Мы приближались к гребню, Фергюсон сбросил скорость до сорока, если не до тридцати пяти миль. Позади, стремительно нас нагоняя, вспыхнули лучи фар. Мимо серебряной пулей пронеслась приземистая машина. Я успел заметить голову в шлеме и очках.
- По-моему, это Спир, - сказал я. - Возможно, он решил нас надуть. Вы можете ехать быстрее?
Фергюсон вжал педаль газа в пол. Тяжелая машина, набирая скорость, взлетела на гребень. Внизу шоссе вновь поворачивало к морю. Там красные буквы, подмигивая, складывались в надпись «У Джека».
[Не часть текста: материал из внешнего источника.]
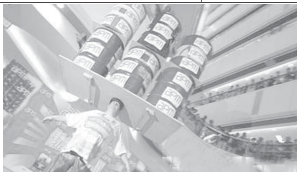
British giant John Evans carries six oilcans weighing 300 pounds on his head in Hong Kong, south China, on 20 Aug, 2006.

The deputy prime minister is likely to visit Finland in the next few days to appeal to the current EU presidency for help, Zapatero said at a rally in the Canaries late on Saturday.—MNA/Reuters
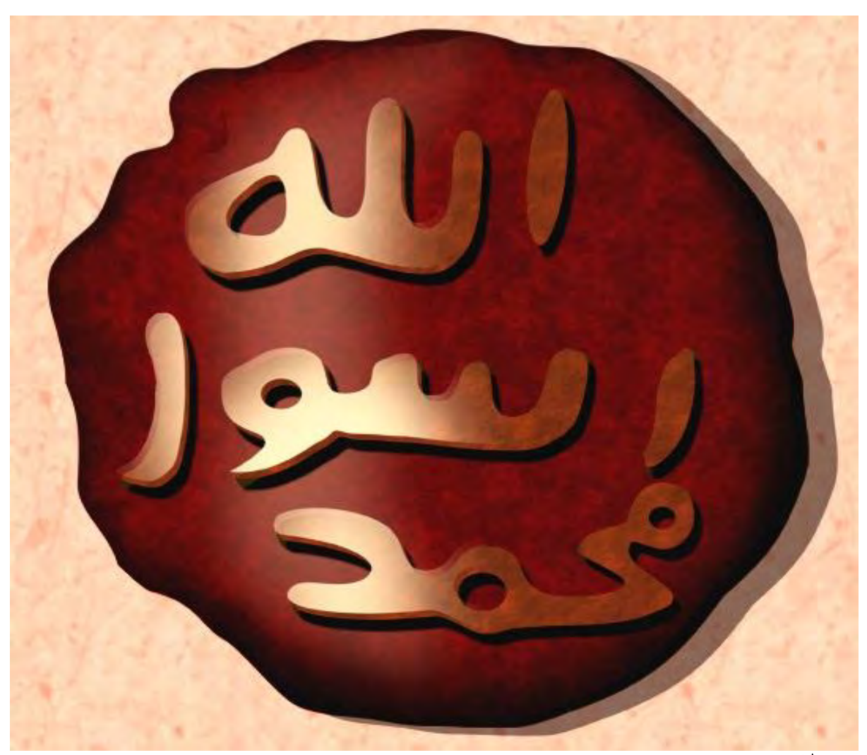
Just look at the beauty of the stamp of Nubuwwat of our prophet Muhammad

"No doubt it's the greatest favour of ALLAH (الله جبل ث ن ) on Muslims that He (Allah) sent a Rasool (اليك رسول) among them". (164

На повороте серебристую машину Спира занесло, и она чуть не вылетела на левую обочину. Я увидел, как она вдруг на мгновение замерла, точно птица в полете, услышал отчаянный скрип тормозов. Через шоссе бежала крохотная фигура в юбке, совсем черная в лучах фар. Она остановилась на середине лицом к идущей юзом машине, что-то сжимая в руке. Из этого чего-то вырвался огонь. Машина сбила ее, прежде чем я услышал выстрел, и проехала еще шагов сто.
Мы добрались до нее раньше Спира. Фергюсон опустился на колени рядом с ней и потрогал её разбитую голову.
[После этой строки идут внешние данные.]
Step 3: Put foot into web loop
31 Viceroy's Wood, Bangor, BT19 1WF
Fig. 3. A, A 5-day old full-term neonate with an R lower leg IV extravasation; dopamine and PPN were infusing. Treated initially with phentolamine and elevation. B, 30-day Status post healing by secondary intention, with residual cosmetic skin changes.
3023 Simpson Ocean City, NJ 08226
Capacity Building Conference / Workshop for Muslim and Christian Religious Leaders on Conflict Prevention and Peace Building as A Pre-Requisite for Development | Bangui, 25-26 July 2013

Рысцой подбежал Спир, снимая на ходу очки.
- Это случайность! Вы же видели, она выскочила на дорогу. Она стреляла в меня. Я старался её объехать, но не удалось. Ты свидетель, Билл.
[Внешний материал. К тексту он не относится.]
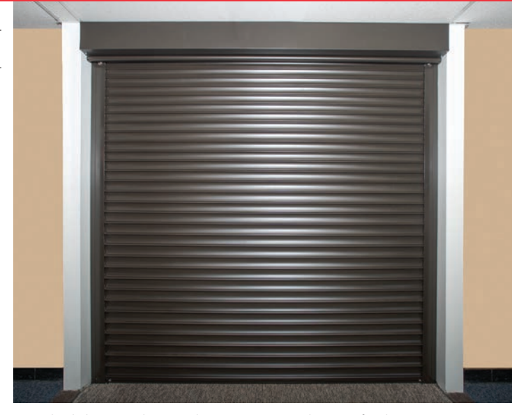
Standard slat, PowderGuard® Premium powder coat finish in Bronze

Allura® Model 653 is a next generation light-duty door solution that is versatile enough for specialty uses and has a space-saving design, making it perfect for installations with limited side room and headroom. Multiple perforation and fenestration options allow for many configurations with the right amount of light and air passage.
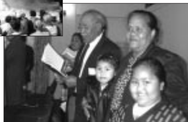
Scenes from the Feast in New Zealand

attended our annual Feast dinner. Feast messages focused on our incredible millennial future and our spiritual grounding in God's Holy Day plan during these turbulent times.
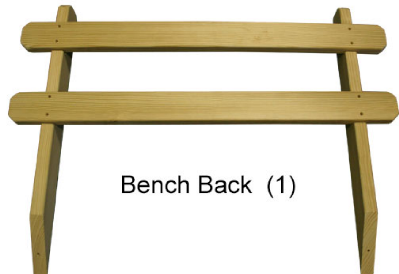
Bench Back (1)
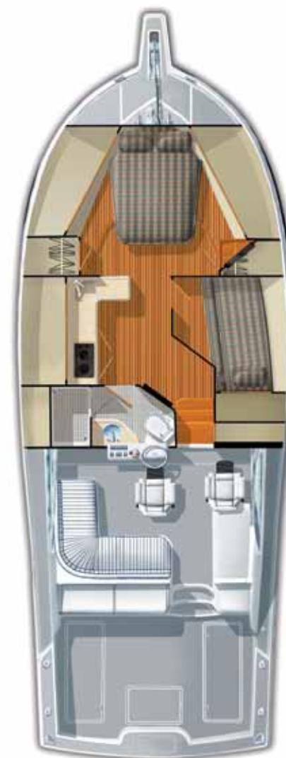
Optional 2-Stateroom / 1-Head Arrangement
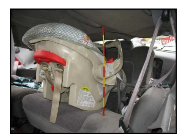
Figure 9: Left front oblique view of the reinstalled CSS.

The driver installed the CSS within the vehicle by threading the lap and shoulder belt through the cut-outs of the belt path and buckling the latch plate. She indicated that she removed the slack from the webbing, pulling it tight across the shell. She then set the switchable retractor to the automatic locking mode and fed the balance of the webbing back into the retractor. The carrier handle was in the vertical position. The harness retainer clip was over the mid-chest and the harness straps were reported as "snug" on the infant's shoulders. Figures 9 and 10 are a view of the CSS reinstalled within the Explorer.
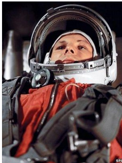
Fig. 1. Gagarin's name was immortalised when he made a single orbit of Earth on April 12, 1961. (Science reporters, BBC News, https://www.bbc.com/news/science-environment-12460720 )

The 12 April 1961 was the date of the first human space flight, carried out by Yuri Gagarin (Figs. 1, 2), a Soviet citizen. This historic event opened the way for space exploration for the benefit of all humanity.
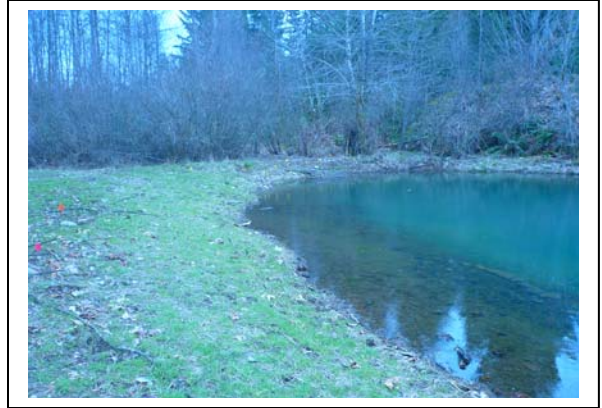
Post-Implementation: Elymus Glaucus established on slopes, providing bank stabilization. March 2008.
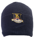
beanie (ELC to year 12)

Глаза у него были черными, как газетный заголовок. Он вцепился мне в плечо, что-то бормоча. Кругом собирались люди, словно марсиане, упавшие с пронзенного неба.
Фергюсон обнял мертвую.
- Кто она? Вы её знаете? - спросил кто-то.
Он посмотрел на марсиан и на их небо. По телу его внезапно пробежала дрожь, невольная и свирепая, как спазм, давший ей жизнь.
- Она моя дочь, - сказал он громко. - Моя дочь Хильда.
Дорожный патруль нашел револьвер в кювете. Это был револьвер Гейнса. Три камеры в барабане оказались пустыми, в трех были патроны. Зубной врач в Сан-Антонио опознал обгорелую челюсть, которую Уиллс откопал на пожарище. По пломбам, поставленным в прошлом мае пациенту Ларри Граймсу. Это имя значилось на медицинской карте и на рентгеновских снимках.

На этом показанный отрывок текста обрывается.